Figure 14 shows the results of pressure simulation of the water stream in a time of 180 s at the outlet of the nozzle (0 m), at a distance of 0.05 m and 0.10 m. It may be observed that the pressure of the water stream at the outlet of the nozzle changes from the value of 57.17 MPa in a time of 0.2 s, to the value of 58.46 MPa, in a time of 180 s. At a distance of 0.05 m from the outlet of the nozzle, the pressure of the water stream changes from the value of 21.05 MPa in a time of 0.2 s to the value of 24.52 MPa in a time of 180 s. In case of the pressure of the water stream at a distance of 0.10 m from the outlet of the nozzle, the pressure changes from the value of 20.29 MPa in 0.2 s to the value of 22.75 MPa in 180 s.

The pressure changes of the water stream for a given distance from the outlet of the nozzle depending on the time: (a) at the outlet of the nozzle; (b) for a distance of 0.05 m from the inlet of the nozzle; (c) for a distance of 0.10 m from the inlet of the nozzle.

The results shown in Fig. 14 allow concluding that at a distance of 0.05 m from the outlet of the nozzle, the pressure decreases by approximately 63% in relation to the measurement at the outlet of the nozzle. In case of the simulation of the pressure at a distance of 0.10 m from the outlet of the nozzle, the pressure decreases by approximately 65% in relation to the pressure simulation at the outlet of the nozzle and by approximately 4% in relation to the pressure measurement at a distance of 0.05 m.

Figure 15 shows the results of force measurements of the water stream in a time of 180 s at the outlet of the nozzle (0 m), at a distance of 0.05 m and 0.10 m.

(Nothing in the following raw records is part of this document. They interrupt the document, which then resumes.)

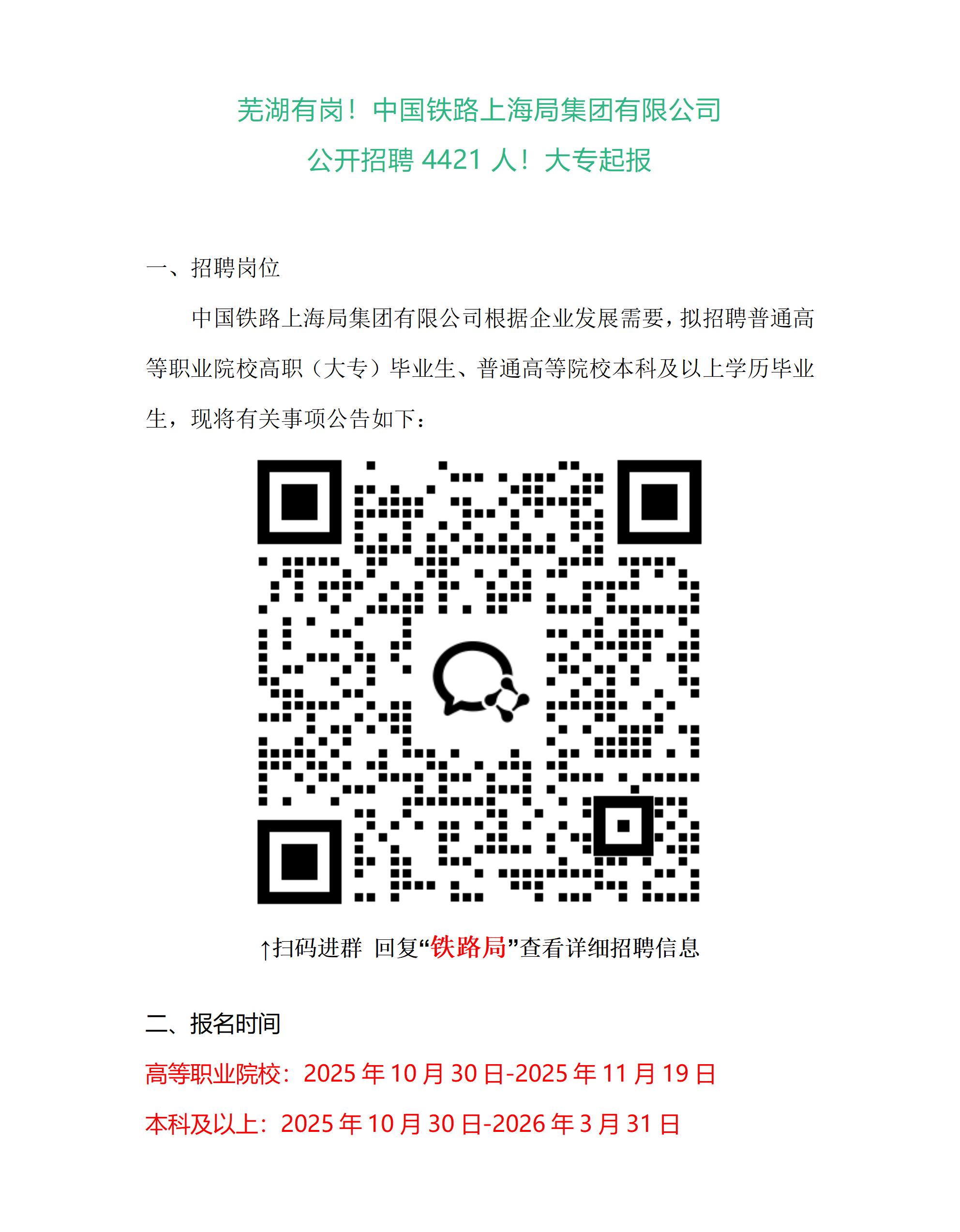芜湖有岗!中国铁路上海局集团有限公司 公开招聘4421人!大专起报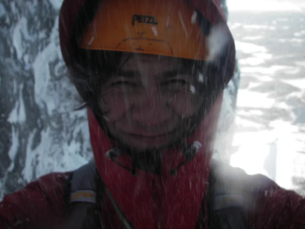 Vid första isbouldern på väg upp i rännan. Det flög lite is och snö...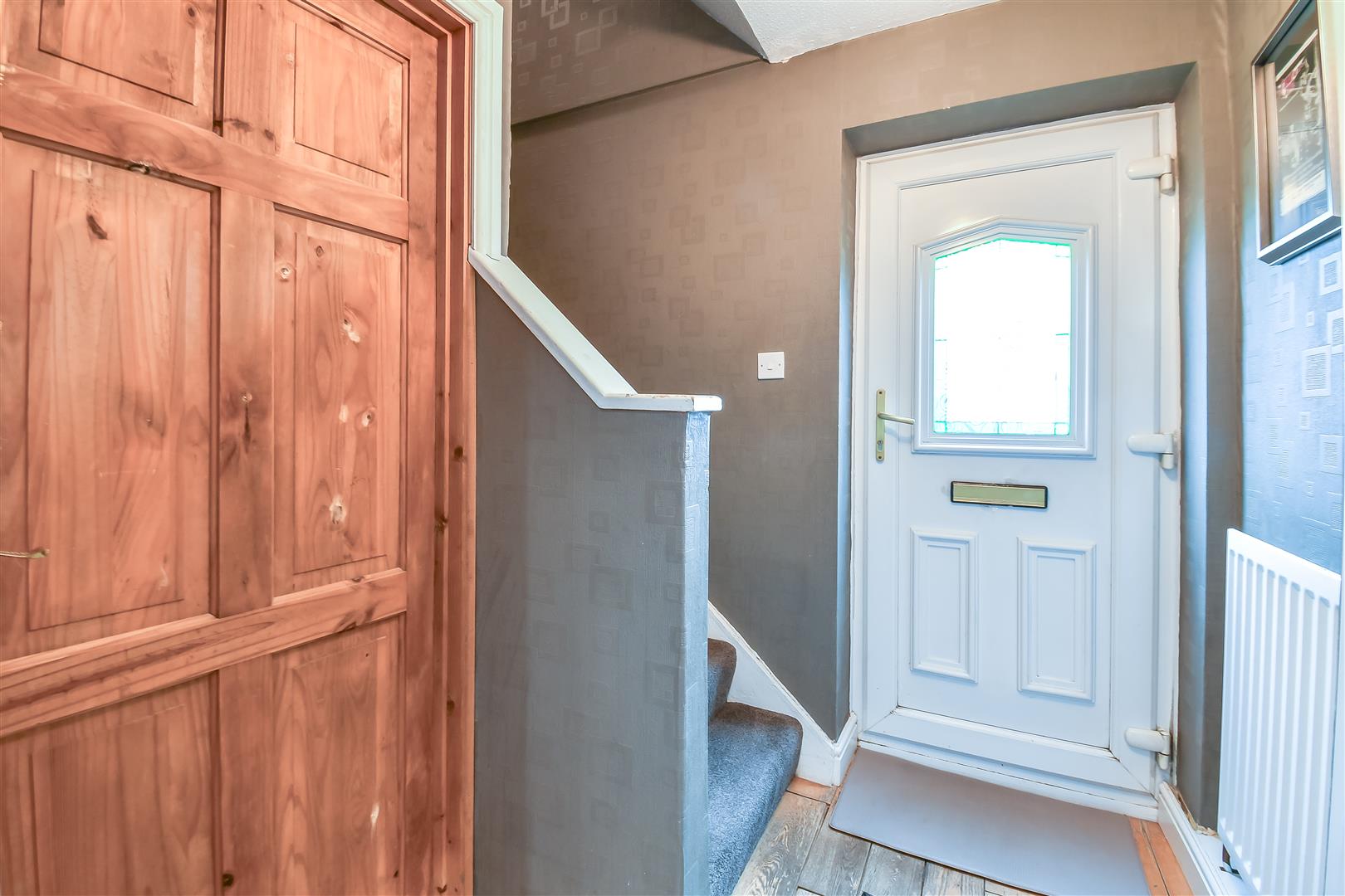 Enclosed front garden, steps ascending to a laid to lawn. Further steps ascending to a UPVC double glazed front door. Side access to rear via wooden double gates.

The force changes generated by the water stream for a given distance from the outlet of the nozzle depending on the time: (a) at the outlet of the nozzle; (b) for a distance of 0.05 m from the inlet of the nozzle; (c) for a distance of 0.10 m from the inlet of the nozzle.

As it can be seen the force of the water stream at the outlet of the nozzle changes from the value of 19,865 N in a time of 0.2 s, to the value of 20,247 N, in a time of 180 s. At a distance of 0.05 m from the outlet of the nozzle, the force of the water stream changes from the value of 7293 N in a time of 0.2 s to the value of 8497 N in a time of 180 s. In case of the force of the water stream at a distance of 0.10 m from the outlet of the nozzle, the force changes from the value of 7030 N in 0.2 s to the value of 7898 N in 180 s.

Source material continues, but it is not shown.